肥満症は、体重が過剰であり、健康に影響を及ぼす状態を指します。

一般的に、肥満は身体の脂肪組織が異常に多い状態を指し、その結果として体重が増加します。

肥満は様々な要因によって引き起こされる可能性がありますが、最も一般的な原因は、エネルギー摂取がエネルギー消費よりも多い場合に起こります。

肥満は健康に様々なリスクをもたらすことが知られています。

肥満は糖尿病、高血圧、心臓病、脳卒中、特定のがん、関節炎などの病気のリスクを増加させる可能性があります。

また、肥満は精神的な健康にも影響を及ぼし、うつ病や不安障害などの精神疾患のリスクを高めることがあります。

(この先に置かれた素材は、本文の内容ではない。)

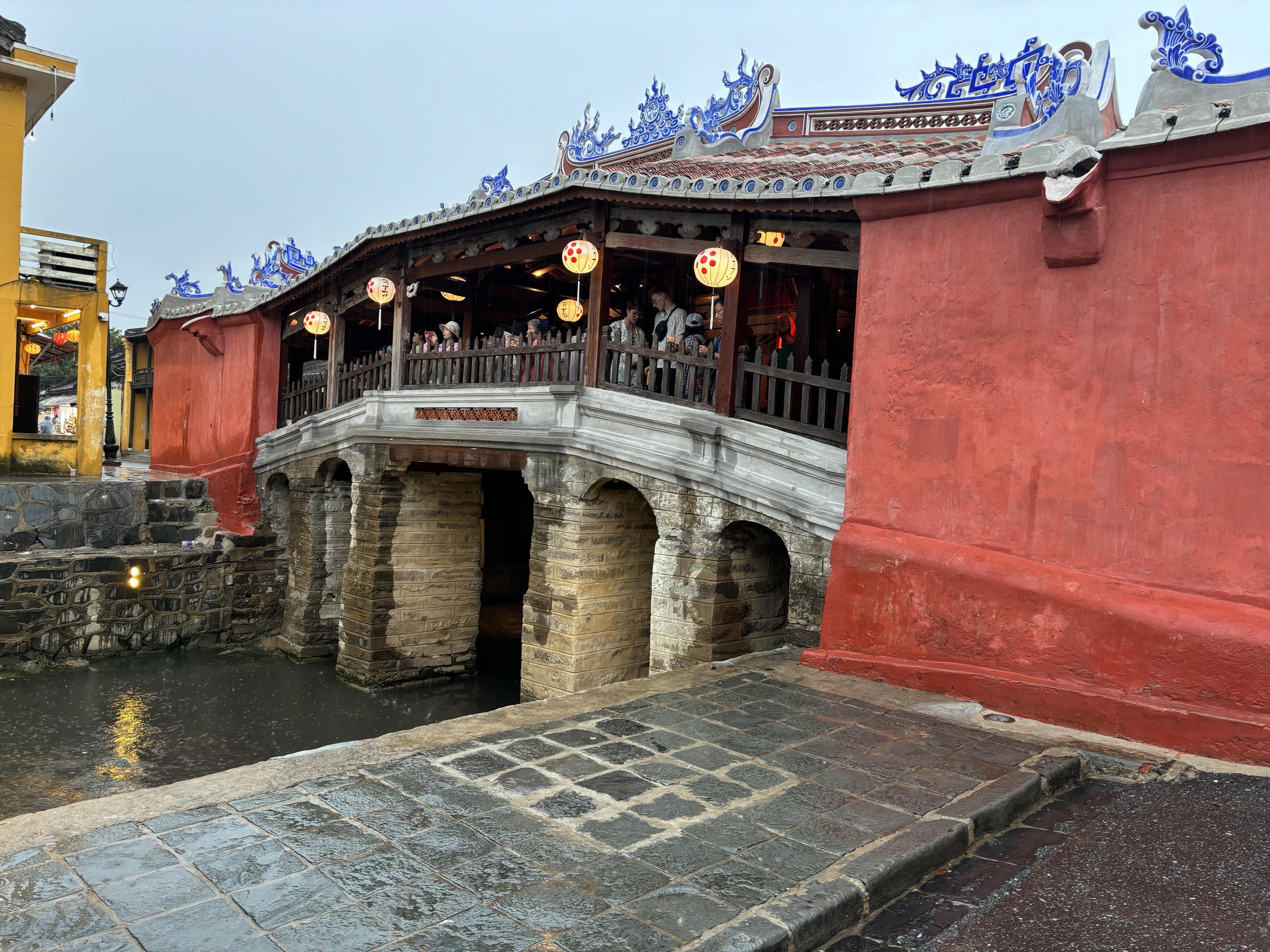 1593年頃、日本人商人によって初めの形が建設され、ホイアンの繁栄と国際交流を象徴する橋として機能しました。橋の全長は約18 m、幅約3 mで、構造は「上家下橋」と呼ばれる屋根付き構造で、橋の上に寺院が建つ独特なデザインをしています。東側のチャンフー通り(旧中国人街エリア)と西側のグエンティミンカイ通り(旧日本人街エリア)を結んでいます。

肥満は、体重を減らすことや健康的な生活習慣を取り入れることで管理することができます。

健康的な食事、適切な運動、ストレス管理、睡眠の充実などが、肥満管理のための重要な要素です。

また、医師や栄養士との相談を通じて、個々の状況に合わせたアプローチを見つけることも重要です。

肥満症 ガイドライン
「肥満症診療ガイドライン2022」は、肥満症の診療を取り巻くさまざまな進歩を踏まえ、6年ぶりに改訂されました。

以下に主なポイントを要約します。

1.肥満症の定義
BMI 25 kg/m2以上を肥満とし、健康障害を合併する肥満や内臓脂肪型肥満と診断される場合を肥満症と定義しています。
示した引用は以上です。